The thing I am trying to do, is to $group documents into different groups,
and in the meantime, get some other fields of each document.
For example, group by “location” (after $unwind so that each group key is
scalar instead of array). And then I want to also get the “color” of each
document.
{
_id: ObjectId("5f3dd02a1b4d50831f1334d2")
location: "SEA"
color: 'red'
}
{
_id: ObjectId("5f3dd02a1b4d50831f1336c6")
location: "SEA"
color: 'black'
}
{
_id: ObjectId("5f3dd02a1b4d50831f133413")
location: "WA"
color: 'red'
}
The example result will be as follows:
{ "group_id" : "SEA",
"other_related_fields" : [
{ "_id" : ObjectId("5f3dd02a1b4d50831f1334d2"), "color" : "red" },
{ "_id" : ObjectId("5f3dd02a1b4d50831f1336c6"), "color" : "black" },
]
},
{ "group_id" : "WA",
"other_related_fields" : [
{ "_id" : ObjectId("5f3dd02a1b4d50831f133413"), "color" : "red" },
]
}
The query I used is as follows:
db.pen.aggregate([
{ "$unwind" : { "path" : "$location", "preserveNullAndEmptyArrays" : true } },
{ "$group" : { "_id" : { "_1" : "$location" } } },
{ "$lookup":
{ "from" : "pen",
"let" : { "v1" : "$_id._1" },
"pipeline" : [
{ "$match" : { "$expr" : { "$eq" : [ "$$v1", "$location" ] } } },
{ "$project" : { "color" : 1 } },
{ "$limit" : 2 }
],
"as" : "other_field"
}
},
{$project: { "_id": 0, "group_id": "$_id._1", "other_field": "$other_field" }}
])
What it does is to do the group-by first, which generates a separate
document for each group. And then do a $lookup on the same collection as
to join with those temporary group-by documents by matching the group_id.

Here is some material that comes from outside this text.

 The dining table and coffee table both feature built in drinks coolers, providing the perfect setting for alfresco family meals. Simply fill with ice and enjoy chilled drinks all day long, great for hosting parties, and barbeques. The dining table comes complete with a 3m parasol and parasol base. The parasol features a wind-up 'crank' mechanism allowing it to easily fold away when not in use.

To match the group_id, I have to use the $expr.
This works perfectly for specific data set. For example, if the value of
“location” is scalar-only. However, the performance degraded heavily when
things get more complicated.
- If the value of “location” is array instead of scalar, there are 2 potential
solutions:
- 1.1) One way is to use the $expr + $in to find documents which have
“location” containing the value of the group_id. This solution turns
out to be very bad in performance. It might be related to the fact
that $expr + $in is not using index in $lookup pipeline.

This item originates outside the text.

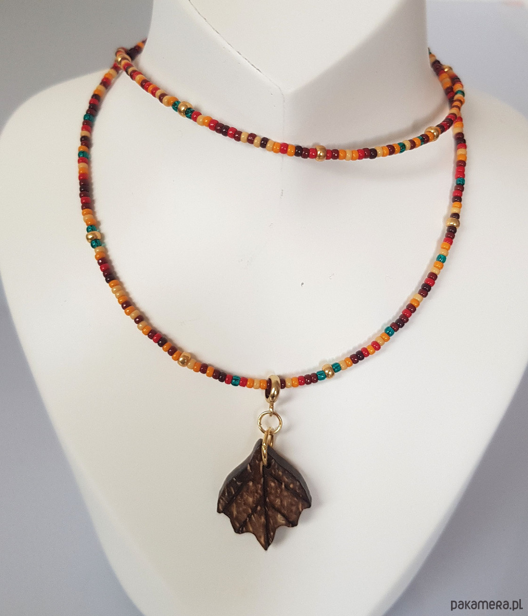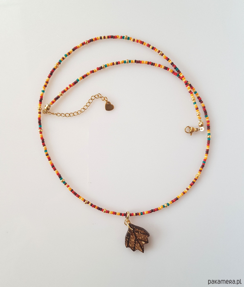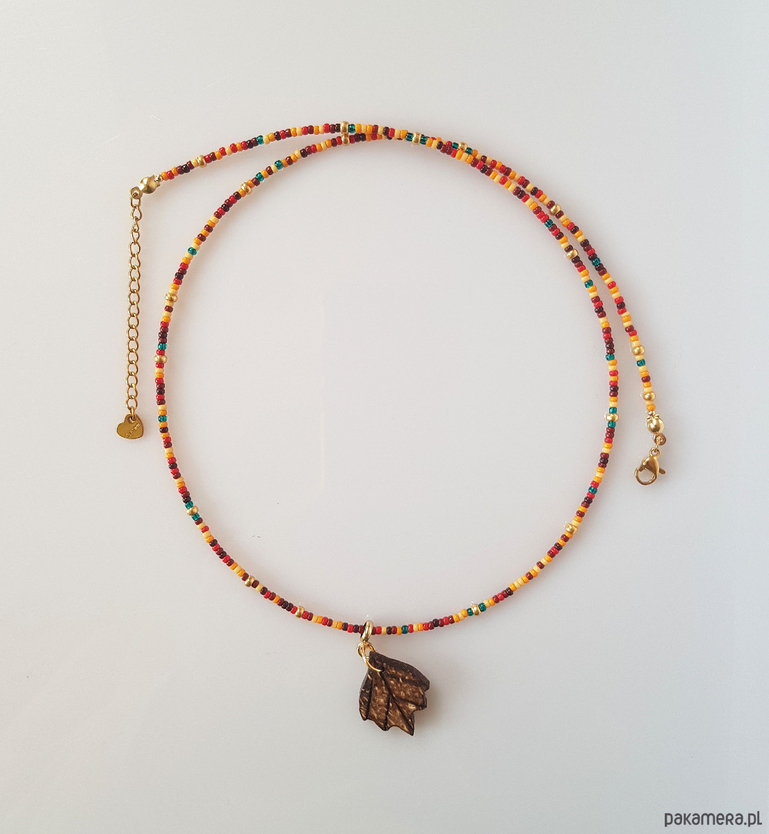 Wesoły, kolorowy, leciutki naszyjnik z listkiem.

And according to this document
(https://docs.mongodb.com/manual/core/index-multikey/#expr) $expr
does not support multikey indexes.
Following is the query:
Query 2
db.pen.aggregate([
{ "$unwind" : { "path" : "$location", "preserveNullAndEmptyArrays" : true } },
{ "$group" : { "_id" : { "_1" : "$location" } } },
{ "$lookup":
{ "from" : "pen",
"let" : { "v1" : "$_id._1" },
"pipeline" : [
{ "$match" : { "$expr" : { "$in" : [ "$$v1", "$location" ] } } },
{ "$project" : { "color" : 1 } }
],
"as" : "other_field"
}
},
{$project: { "_id": 0, "group_id": "$_id._1", "other_field": "$other_field" }}
])
-
1.2) Another way is to $unwind the “location” in the $lookup, and use the
$expr + $eq which works simiarly to the scalar type. (Query 3)However, this brings the problem that I cannot sort and limit the
results based on the ‘other_field’. This is because after $unwind,
the array field will be split into serveral individual documents.
As a result I’ll have duplicate_id
’s (or whatever unique key it is).
For example, if I have 2 documents:D1: {location:[SEA, WA]}, {color:black}, D2: {location: SEA}, {color:red}
After $unwind, I’ll get:
D1: {location:SEA}, {color:black} D1: {location:WA}, {color:black} D2: {loctation:SEA}, {color: red}
If I $sort on “color” and $limit:2 in the $lookup subpipeline, I’ll
get 2 D1’s instead of D1 and D2.
Query3
db.pen.aggregate([
{ "$unwind" : { "path" : "$location", "preserveNullAndEmptyArrays" : true } },
{ "$group" : { "_id" : { "_1" : "$location" } } },
{ "$lookup":
{ "from" : "pen",
"let" : { "v1" : "$_id._1" },
"pipeline" : [
{ "$unwind" : { "path" : "$location", "preserveNullAndEmptyArrays" : true } },
{ "$match" : { "$expr" : { "$eq" : [ "$$v1", "$location_sca" ] } } },
{ "$project" : { "color" : 1 } }
],
"as" : "other_field"
}
},
{$project: { "_id": 0, "group_id": "$_id._1", "other_field": "$other_field" }}
])
- Things get more complicated if “location” consists of both scalar and
array values. To take care of both types, I use an $or operator and check
the $type. (Basically a combination of scalar and array query).
The performance is much worse than the 1) situation. - If I need to do multi-dimensional grouping, the performance will be even
worse since the number of groups will be much more. But it should be
manageable if the index is properly being used by the query.
Thanks for reading my questions. To summarize:
- Is there any workaround for 1.1 (avoid using $expr + $in for array field)?
- Is there anyway to preprocess the result such that documents will be
unique in 1.2?